В итоге мы договорились, что встретимся через неделю в этом же кафе, но уже со всей командой фотографов и сочувствующих. За это время Роза планировала прокомпостировать мозги своим друзьям, а мне надлежало придумать какую-нибудь основу своего будущего образа.
В результате походов по магазинам я стал счастливым обладателем нескольких комплектов повседневной одежды на разные случаи жизни и времена года, некоторого количества парадной одежды, — в том числе темно-серого костюма-тройки с пиджаком до середины бедра, от которого я сначала всячески открещивался, а потом не мог поверить, что вообще какие-либо вещи могут сидеть на мне настолько хорошо, — а также пары высоких армейских ботинок на шнуровке. После случая с пиджаком я решил не начинать сразу спорить с Сириусом, а для начала проверить, что же такое предлагает мой крестный — в итоге выяснилось, что, несмотря на кажущуюся тяжесть, это невероятно удобная обувь.
И хотя покупка одежды в итоге оказалась очень интересным занятием, да и к тому же мы влипли в какое-то очередное приключение, за день я невероятно устал. Сил моих хватило на то, чтобы съесть легкий ужин, но как только моя голова коснулась подушки, я отрубился.
***
Сны у меня всегда были странные — видимо, в противоположность дневному безумию, окружавшему меня, ночью все было удивительно логично и понятно. Ну, насколько вообще всё может быть логично во сне.
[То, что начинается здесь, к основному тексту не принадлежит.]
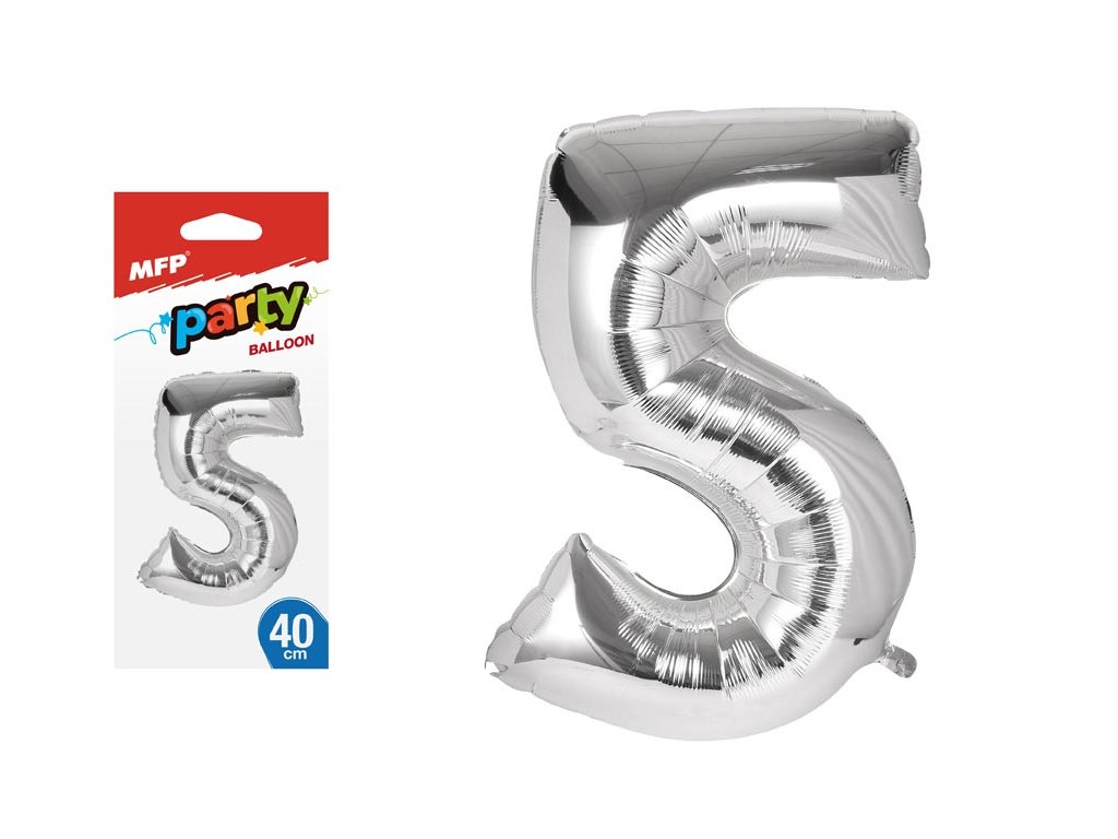 Nafukovací fóliový balónik v tvare čísla 5. Balónik je vyrobený zo striebornej fólie. Na hornom okraji balónu sú očká na priviazanie. Balóniky sú vhodné na narodeninové oslavy, firemné párty a iné spoločenské udalosti. Výška balónu: 40 cm Uvedená cena je za 1 ks Balenie obsahuje: balónik, trubičku na nafukovanie, návod. Návod na nafukovanie balónika: 1. Vybaľte balónik a plastovú trubičku z obalu 2. Zasuňte trubičku do otvoru na nafukovanie, ktorý je umiestnený na spodnej strane balónika. 3. Fúkaním cez trubičku nafúknite balónik 4. Opatrne vytiahnite trubičku z balónika (systém je navrhnutý tak, aby ste nemuseli balónik zaväzovať) 5. Na vyfúkanie balónika zasuňte trubičku opäť do otvoru a tlačte na balónik Varovanie: Vhodné pre deti od 8 rokov. Deti sa môžu prasknutými alebo spustenými balónikmi zadusiť alebo uškrtiť. Používajte ich len za prítomnosti dospelej osoby. Dospelá osoba sa po nafúknutí balónu musí presvedčiť, že ho deti používajú bezpečne. Spustené balóniky udržiavajte mimo dosahu detí, prasknuté ihneď zlikvidujte. K nafúknutiu balónika používajte hustilku. Nepribližujte balónik k očiam a k tvári. Po prasknutí môže balónik poraniť. Je vyrobený z prírodného kaučuku, latexu. Je určený k dekoratívnym cieľom. Je tu nebezpečenstvo vdýchnutia a prehltnutia malých častíc.Dodatočné parametre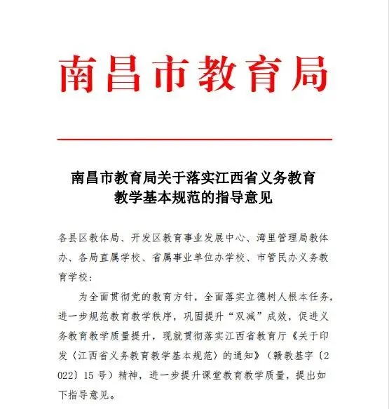 《江西省义务教育教学基本规范的指导意见》全面贯彻党的教育方针,根据党中央国务院关于教育改革和“双减”工作部署要求制定,引领教师按照教学常规履职,从课程设置、备课环节、课堂教学、作业设计、考试评价、家校合作六个方面具体指导教育教学行为,落实立德树人根本任务,减轻学生过重学业负担,保障学生全面发展、健康成长。

Более того, периодически я даже осознавал, что все вокруг — не более чем сон. И я, конечно же, пытался брать под контроль подобные сновидения. Поначалу получалось плохо, но через некоторое количество времени я освоился и начал получать от этого удовольствие. Удивительное чувство — иметь возможность изменять окружающее пространство по собственному желанию.
Но в этот раз все выглядело несколько иначе. Хотя я и понимал — помнил, — что сплю, окружающее пространство казалось слишком реальным даже для осознанного сновидения, но при этом все равно что-то здесь оставалось неправильным.
Место походило на слизеринскую гостиную, какой я её запомнил по нашей диверсии на втором курсе: камин с горящим в нем ярким огнём, несколько кожаных или обитых зелёным бархатом кресел, факелы с зеленоватым пламенем на стенах… вернее, на клубящейся тьме, которая заменяла здесь стены и, кажется, поглощала практически весь свет.
Условно-нормально был освещен только небольшой полукруг около камина, а потому фигуру в одном из кресел я заметил далеко не сразу.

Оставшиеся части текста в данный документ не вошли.